In the early Byzantine period, after the mid-fourth century CE, the town was rebuilt on different lines from that of the previous settlement.

... The early Byzantine stratum was destroyed in a single, violent event, which included large-scale stone collapse and the destruction of buildings, evident in most of the excavated areas. The town’s destruction may be attributed to the earthquake of 419 CE.

After the town’s destruction in the early Byzantine period, the settlement on the site was reduced in size. From the fifth–sixth centuries CE, there are meager settlement remains in some areas. Architectural remains, installations and a few imported vessels are attributed to this period. The architectural remains include the building paved with mosaics, excavated in the 1980s (Vitto 1996), which may have been located in the center of the settlement or may have been part of a farm or monastery. No remains from the Early Islamic period have been found; the settlement may have shifted to a nearby location. The hill was reoccupied in the Mamluk period, probably in the fourteenth century CE. Remains of a building, possibly a fort or a farm, were discovered in Area A. In the Ottoman period, the tomb of Sheikh Abreik was built on the hilltop and a small hamlet of tenant farmers was built on its slopes. In the First World War, an Ottoman military post was built on the hill summit.

Area A

Approximately twenty squares and half-squares were excavated west of the Sheikh Abreik hilltop and east of the basilica (Mazar 1957), exposing remains dating from the Hellenistic or Early Roman periods until the Ottoman period (Fig. 2). The stratigraphy in this area is complex, with both earlier and later walls, sometimes dating centuries apart, lying on the same level, the earlier building stones in secondary use in the later buildings.

Iron Age and Hellenistic finds were recovered in rock cuttings and soil pockets. In the Roman period (second–third centuries CE), a part-hewn and part-built water reservoir was constructed in the eastern part of the area.

... During the fourth century CE, this area underwent changes: the installations were filled with soil and rubbish, walls were built in the arched reservoir, putting it out of use, and some rooms appear to have collapsed.

In the Byzantine period (mid-fourth–fifth centuries CE), the area was rebuilt with a partial change of plan in the walls and openings, and the construction of irregularly angled walls incorporating stones in secondary use.
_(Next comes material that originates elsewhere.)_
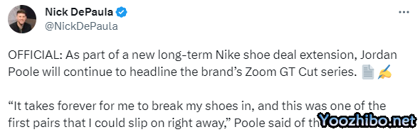 今日耐克官方宣布,奇才后卫乔丹-普尔将继续担任其Zoom GT Cut系列球鞋的代言人,双方达成一份多年的提前续约,普尔本人表示:每次我穿球鞋时都要花费很长时间,而这双鞋是第一双让我能够立即穿上的球鞋。
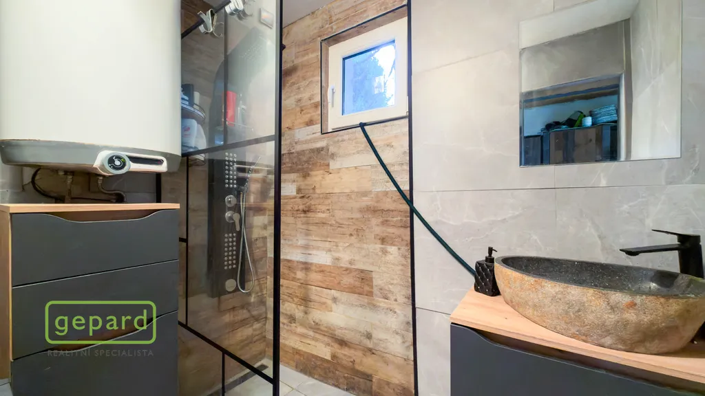 Přízemí – vstup do domu přes přistavěné zádveří, ze kterého vstoupíte do koupelny (sprchový kout, umyvadlo a bojler) nebo do samostatného WC, následuje chodba, kde je umístěn kotel a ze které také vede schodiště na půdu, následuje postupně kuchyně, obývací pokoj, posilovna a 2 ložnice.

... The haphazard alignment of the building walls may be the result of an earthquake in the fifth century CE. Later, in the fifth–sixth centuries CE, the area of the arched reservoir was paved with stones and the western miqveh served as a rubbish pit. The sixth-century CE remains are relatively limited and are located near the surface, including a fragment of a rare pottery artifact decorated with incised motifs that may be a lamp holder or an incense burner (Fig. 4).

Some Mamluk-period walls were exposed, mainly in the central part of the area, as well as packed floors incorporating small stones, and small installations such as a basin and a tabun. Earlier architectural features were reused for building in the Mamluk period. In some places, the Mamluk building penetrated down almost to the bedrock. Many glass bracelets and a small assemblage of weapons also date to this period.
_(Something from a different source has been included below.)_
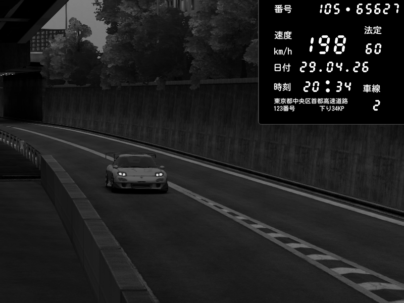 | 2026/04/29 20:34 | C1外回り 京橋 | 198 / 60 km/h | Mazda RX-7 FD3S RE Amemiya | CAPTURE |

In the Ottoman period, a structure paved with floors of small, packed stones was built in the northern part of the area. One of the walls is tilted, as if damaged by an earthquake; this may have been caused by the 1837 earthquake that devastated Safed (A. Agnon; pers. comm.).

Area B

About twenty squares and half-squares were excavated near the eastern side of the hilltop, where no archaeological remains were visible on the surface before the excavation (Fig. 5). The strata here lie on top of each other, as in a tell, and they reach a depth of about four meters from surface down to bedrock. The remains date from the Iron Age until the present day, the earliest finds being a few Iron Age II pottery sherds retrieved in cracks in the bedrock in the central part of the area.

Remains of a structure, whose walls were built in characteristic Phoenician style with roughly dressed upstanding stones interspersed with fieldstones (Fig. 6), date to the Hellenistic period (probably the second century BCE). Pairs of rock-hewn bell-shaped silos had stone lids over their openings. Pottery sherds characteristic of Hellenistic Phoenicia were recovered.

In the next phase, probably in the first century BCE and the beginning of the Early Roman period, a long wide wall, blocking the earlier Hellenistic building on the north, and additional perpendicular walls were built.

... In the Roman period, a large structure built on top of the earlier walls had ashlar-built walls and rooms paved with stone slabs, most of which were robbed in recent centuries. The building may have been an administrative center built in the second century CE and functioning until the third or fourth centuries CE. Rooms near the eastern side of the building yielded rich third-century CE finds, as well as tubuli pipe fragments and marble slabs that indicate the presence of a nearby bathhouse. This area, near the hilltop, was probably the town’s civic center in the Roman period.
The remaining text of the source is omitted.